##### Records shown #####
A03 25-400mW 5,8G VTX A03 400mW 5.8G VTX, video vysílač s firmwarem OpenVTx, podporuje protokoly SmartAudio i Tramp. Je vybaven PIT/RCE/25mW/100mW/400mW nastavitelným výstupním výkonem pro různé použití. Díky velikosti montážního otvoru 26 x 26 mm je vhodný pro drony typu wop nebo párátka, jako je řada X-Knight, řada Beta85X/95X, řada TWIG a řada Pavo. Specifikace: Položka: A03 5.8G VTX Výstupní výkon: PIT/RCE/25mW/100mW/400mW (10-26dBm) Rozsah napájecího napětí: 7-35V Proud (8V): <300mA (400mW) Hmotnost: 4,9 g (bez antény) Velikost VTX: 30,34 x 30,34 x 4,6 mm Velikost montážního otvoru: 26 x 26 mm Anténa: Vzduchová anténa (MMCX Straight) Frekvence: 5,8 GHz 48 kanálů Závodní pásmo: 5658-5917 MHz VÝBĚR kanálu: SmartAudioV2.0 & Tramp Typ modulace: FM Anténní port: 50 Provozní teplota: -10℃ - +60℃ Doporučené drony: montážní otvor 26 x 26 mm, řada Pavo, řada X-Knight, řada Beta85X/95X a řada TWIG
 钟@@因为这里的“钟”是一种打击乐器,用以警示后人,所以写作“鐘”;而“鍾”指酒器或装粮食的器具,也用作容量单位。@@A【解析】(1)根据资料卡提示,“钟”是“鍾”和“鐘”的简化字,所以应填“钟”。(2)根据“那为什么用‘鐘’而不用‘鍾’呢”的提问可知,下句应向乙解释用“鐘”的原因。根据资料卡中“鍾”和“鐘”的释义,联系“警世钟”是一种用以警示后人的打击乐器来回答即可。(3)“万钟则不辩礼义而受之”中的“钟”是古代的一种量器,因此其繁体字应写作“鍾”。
#####
##### Records shown #####
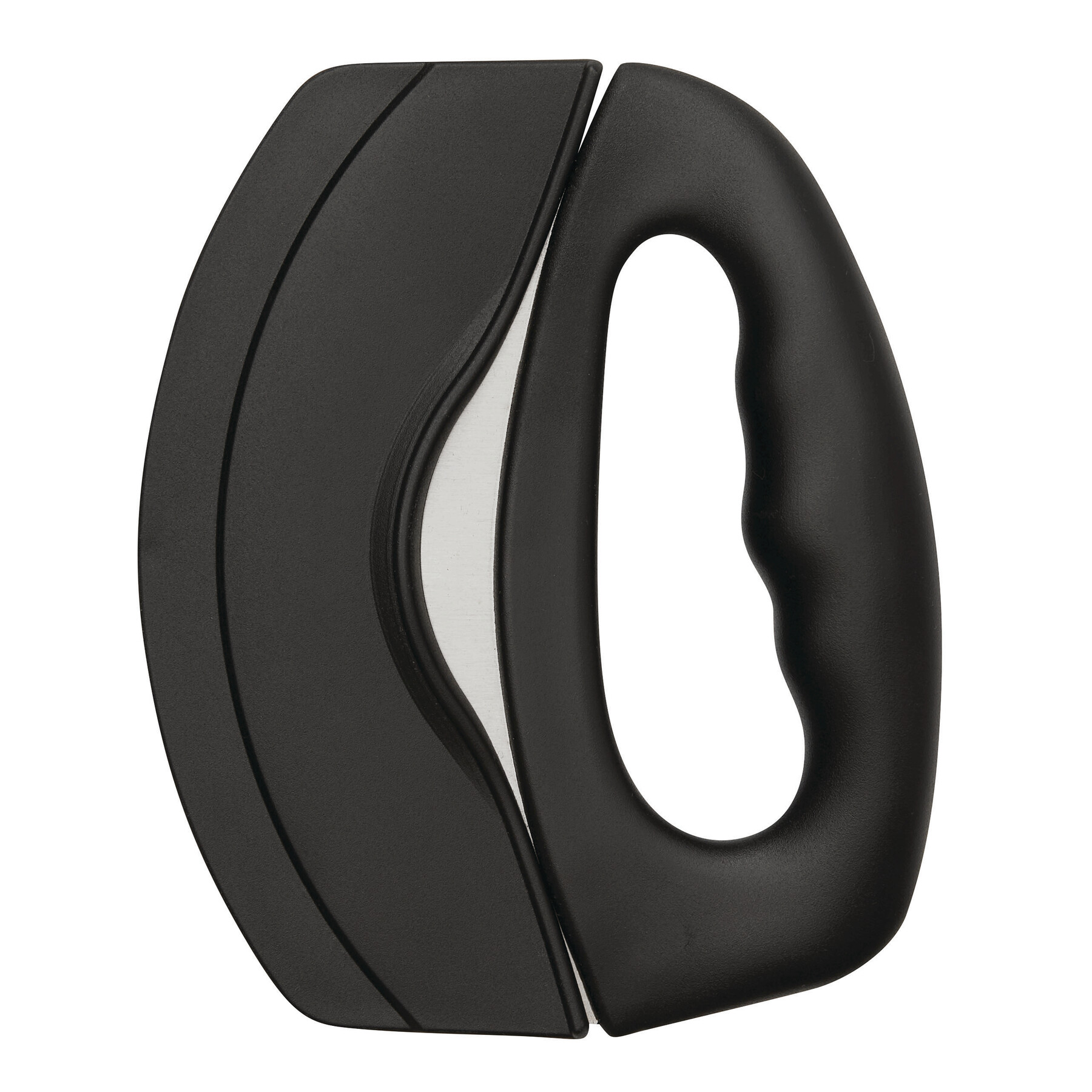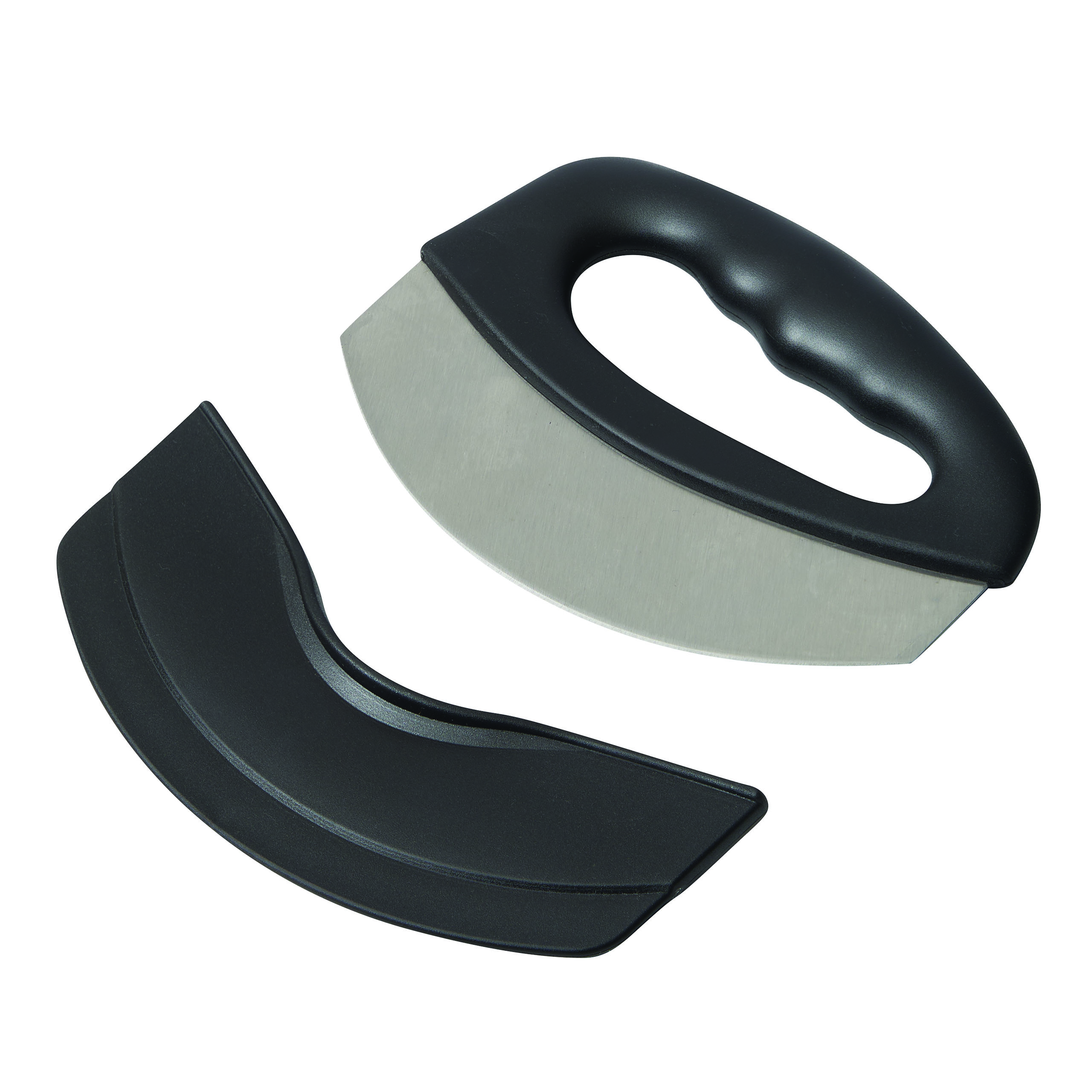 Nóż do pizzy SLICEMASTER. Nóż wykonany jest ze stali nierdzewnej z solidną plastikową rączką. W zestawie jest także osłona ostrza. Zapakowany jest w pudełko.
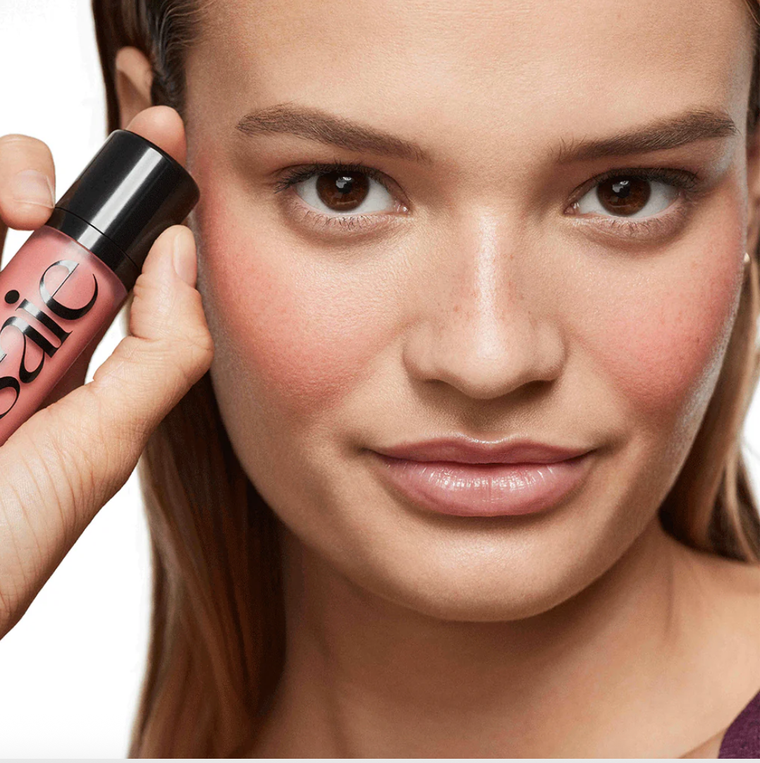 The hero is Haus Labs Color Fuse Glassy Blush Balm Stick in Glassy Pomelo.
#####
# What to produce
The answer is the lines above from the one with "Nóż do pizzy" to the one with "The hero is", set down exactly, with no pictures.

# Answer space
 Nóż do pizzy SLICEMASTER. Nóż wykonany jest ze stali nierdzewnej z solidną plastikową rączką. W zestawie jest także osłona ostrza. Zapakowany jest w pudełko.
 The hero is Haus Labs Color Fuse Glassy Blush Balm Stick in Glassy Pomelo.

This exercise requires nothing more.